Edit policies/default.yaml to add validation rules:

# policies/default.yaml
tools:
  get_customer:
    arguments:
      id:
        type: string
        pattern: "^cust_[0-9]+$"

  update_customer:
    arguments:
      id:
        type: string
        required: true
      email:
        type: string
        format: email

  send_email:
    arguments:
      to:
        type: string
        format: email
      subject:
        type: string
        maxLength: 200

Step 5: Run Tests

assay run --config eval.yaml

Output:

Assay v0.8.0 — Zero-Flake CI for AI Agents

Suite: mcp-basics
Trace: traces/session-2025-12-27.jsonl

┌───────────────────┬────────┬─────────────────────────┐
│ Test              │ Status │ Details                 │
├───────────────────┼────────┼─────────────────────────┤
│ args_valid_all    │ ✅ PASS │ 12/12 calls valid       │
│ no_blocked_tools  │ ✅ PASS │ No blocked tools called │
└───────────────────┴────────┴─────────────────────────┘

Total: 2ms | 2 passed, 0 failed


Step 6: Add Sequence Rules

Ensure tools are called in the correct order:

# eval.yaml (add this test)
tests:
  # ... existing tests ...

  - id: read_before_write
    metric: sequence_valid
    rules:
      - type: before
        first: get_customer
        then: update_customer

Now if your agent updates a customer without first reading their data, the test fails.


Step 7: Add to CI

# .github/workflows/agent-tests.yml
name: Agent Quality Gate

on: [push, pull_request]

jobs:
  assay:
    runs-on: ubuntu-latest
    steps:
      - uses: actions/checkout@v4
      - uses: Rul1an/assay-action@v2
        with:
          config: eval.yaml

Complete Example

Here's a full eval.yaml for a customer service agent:

version: "1"
suite: customer-service-agent

tests:
  # Validate all tool arguments
  - id: args_valid
    metric: args_valid
    policy: policies/customer-service.yaml

  # Enforce call sequences
  - id: auth_before_access
    metric: sequence_valid
    rules:
      - type: require
        tool: authenticate_user
      - type: before
        first: authenticate_user
        then: [get_customer, update_customer, delete_customer]

  # Block dangerous tools
  - id: no_admin_tools
    metric: tool_blocklist
    blocklist:
      - admin_*
      - system_*
      - delete_database

  # Limit API calls
  - id: rate_limit
    metric: sequence_valid
    rules:
      - type: count
        tool: external_api
        max: 10

output:
  format: [sarif, junit]
  directory: .assay/reports

Troubleshooting

"Unknown format: inspector"

Update to the latest Assay version:

cargo install assay --force

"No tool calls found"

Your session might not contain tools/call messages.

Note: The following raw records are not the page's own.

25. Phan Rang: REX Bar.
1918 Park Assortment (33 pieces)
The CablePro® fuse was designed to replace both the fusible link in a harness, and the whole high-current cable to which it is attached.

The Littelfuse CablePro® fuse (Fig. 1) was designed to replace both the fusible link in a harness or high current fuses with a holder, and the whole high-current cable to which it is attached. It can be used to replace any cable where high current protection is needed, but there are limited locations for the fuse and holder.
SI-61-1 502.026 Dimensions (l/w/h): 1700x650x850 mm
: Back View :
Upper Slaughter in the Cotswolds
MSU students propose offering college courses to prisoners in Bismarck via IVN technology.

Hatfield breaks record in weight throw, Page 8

Check the JSON:

cat session.json | jq '.messages[] | select(.method == "tools/call")'

"Schema validation error"

The generated policy might not match your tool signatures. Edit policies/default.yaml to match your actual argument types.

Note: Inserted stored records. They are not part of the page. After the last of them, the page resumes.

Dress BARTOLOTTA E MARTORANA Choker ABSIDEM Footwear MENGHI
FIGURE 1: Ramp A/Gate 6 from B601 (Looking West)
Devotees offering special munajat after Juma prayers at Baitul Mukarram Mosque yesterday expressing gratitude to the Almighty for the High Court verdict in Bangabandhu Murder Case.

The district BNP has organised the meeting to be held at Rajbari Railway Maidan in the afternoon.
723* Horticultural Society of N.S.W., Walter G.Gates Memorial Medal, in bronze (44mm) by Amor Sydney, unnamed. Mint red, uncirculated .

Step 8: Enable Mandate Logging (Optional)

For audit compliance and user authorization tracking, enable CloudEvents logging:

assay mcp wrap \
  --policy assay.yaml \
  --audit-log audit.ndjson \
  --decision-log decisions.ndjson \
  --event-source "assay://myorg/myapp" \
  -- your-mcp-server
Log Purpose Events
audit.ndjson Mandate lifecycle (audit trail) mandate.used, mandate.revoked
decisions.ndjson Tool decisions (high volume) tool.decision (allow/deny)

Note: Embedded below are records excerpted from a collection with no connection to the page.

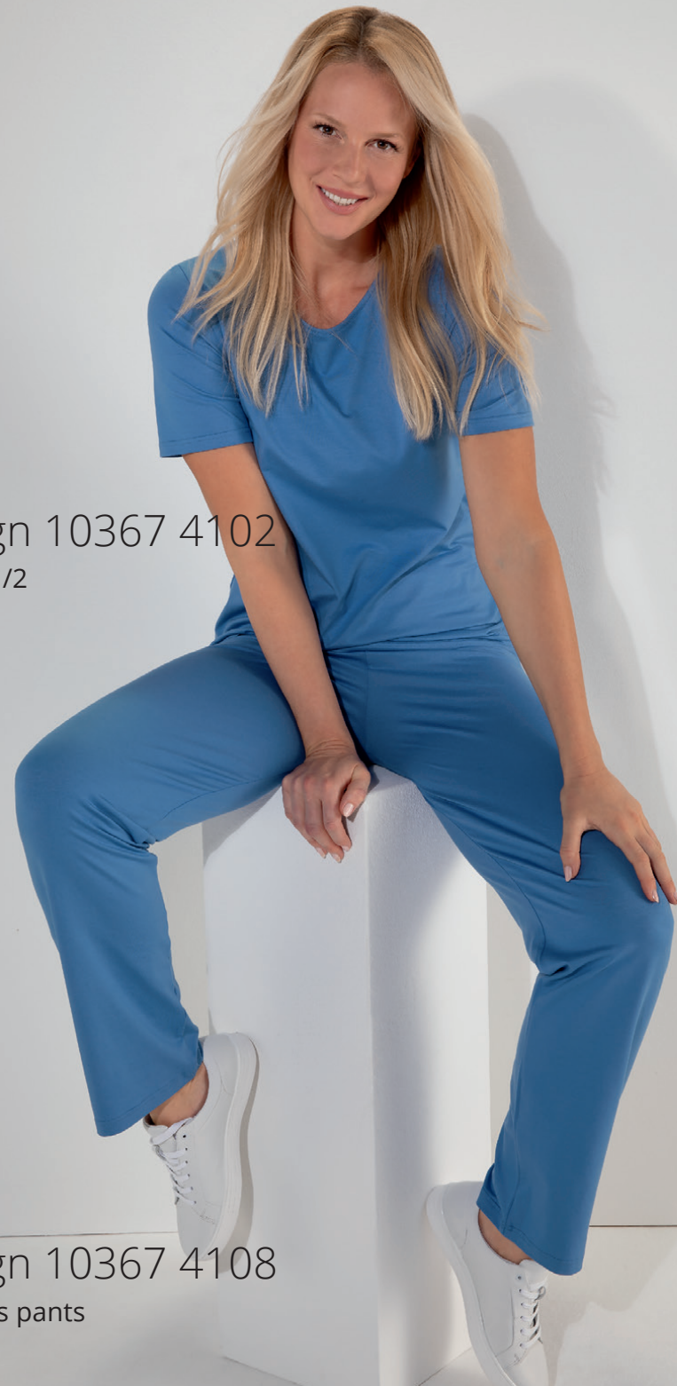
Design 10367 4102 T-Shirt 1/2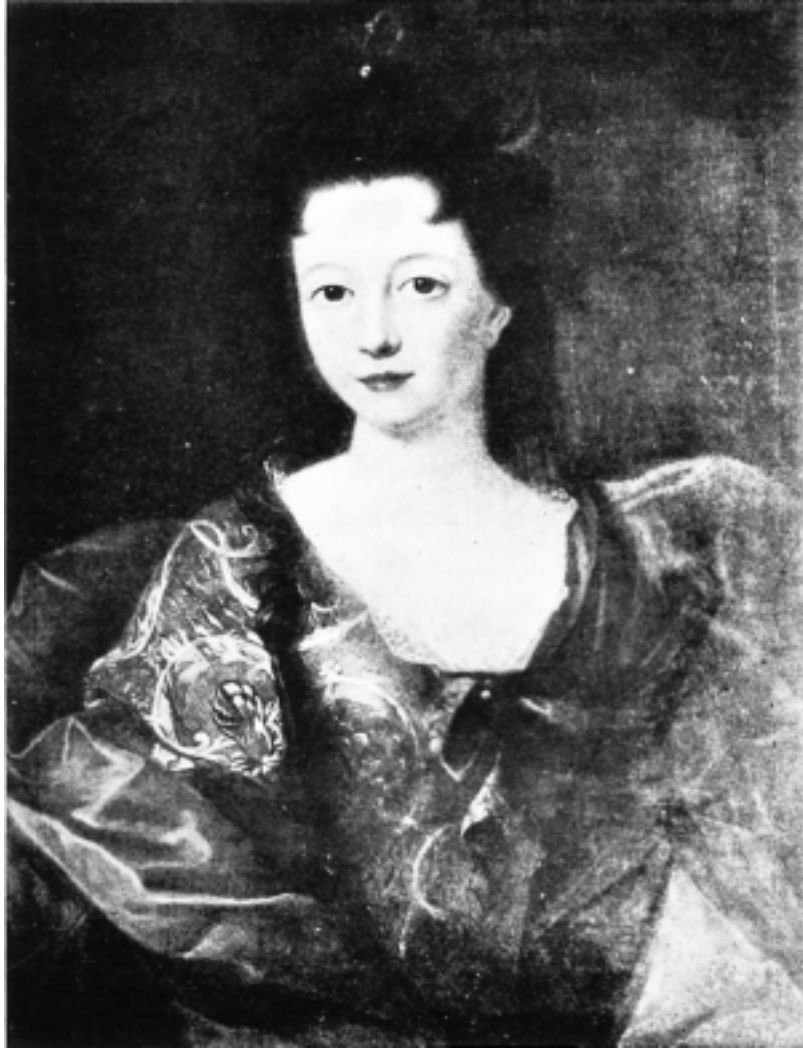
MARIE ANNE DE BOURBON, PRINCESS OF CONDÉ ATTRIBUTED TO SANTERRE THE ORIGINAL AT HAMPTON COURT PALACE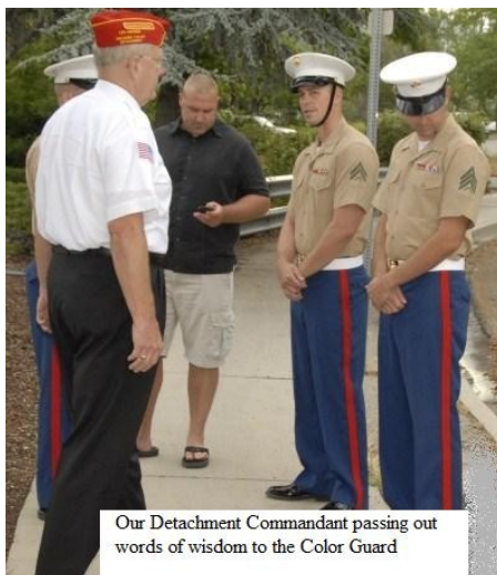
Our Detachment Commandant passing out words of wisdom to the Color Guard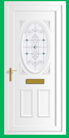
Warwick S1 EMERALD ELIPSE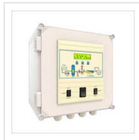
SMS Alerts RO Controller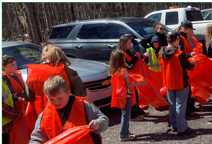
4-H Clean-up at Parmater Road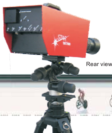
Examples of STAR Photofinish resulting screens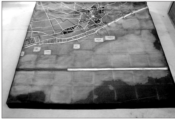
Figure 6. A typical egg-crate model of Sword Beach used for planning the assault landing on D-Day, June 6, 1944.

Canadian Army made a number of models during the operations to liberate The Netherlands. Officers in the Royal Navy were also trained in their construction.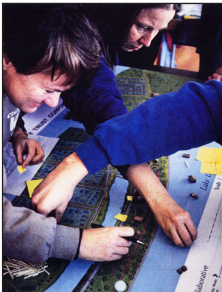
TORONTO ISLAND COMMUNITY PARTICIPATION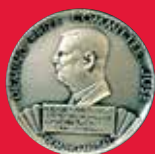
DEMING PRIZE 2003

Note: --event-source is required when any logging is enabled. Use an absolute URI like assay://org/app.

Audit Log Output

Each mandate consumption produces a CloudEvents record:

{
  "specversion": "1.0",
  "type": "assay.mandate.used.v1",
  "id": "sha256:deterministic_use_id",
  "source": "assay://myorg/myapp",
  "data": {
    "mandate_id": "sha256:...",
    "tool_call_id": "tc_123",
    "use_count": 1
  }
}

The id field equals use_id (content-addressed), enabling deduplication on retries.


Next Steps


Time to First Eval: Under 10 Minutes

Step Time
Export from MCP Inspector 1 min
assay import --out-trace traces/session.jsonl 10 sec
assay init --from-trace traces/session.jsonl (optional) 2 min
assay run --config eval.yaml --trace-file traces/session.jsonl 3 sec
Add to CI 5 min
Total ~8 min

That's it. Your MCP agent now has deterministic regression tests.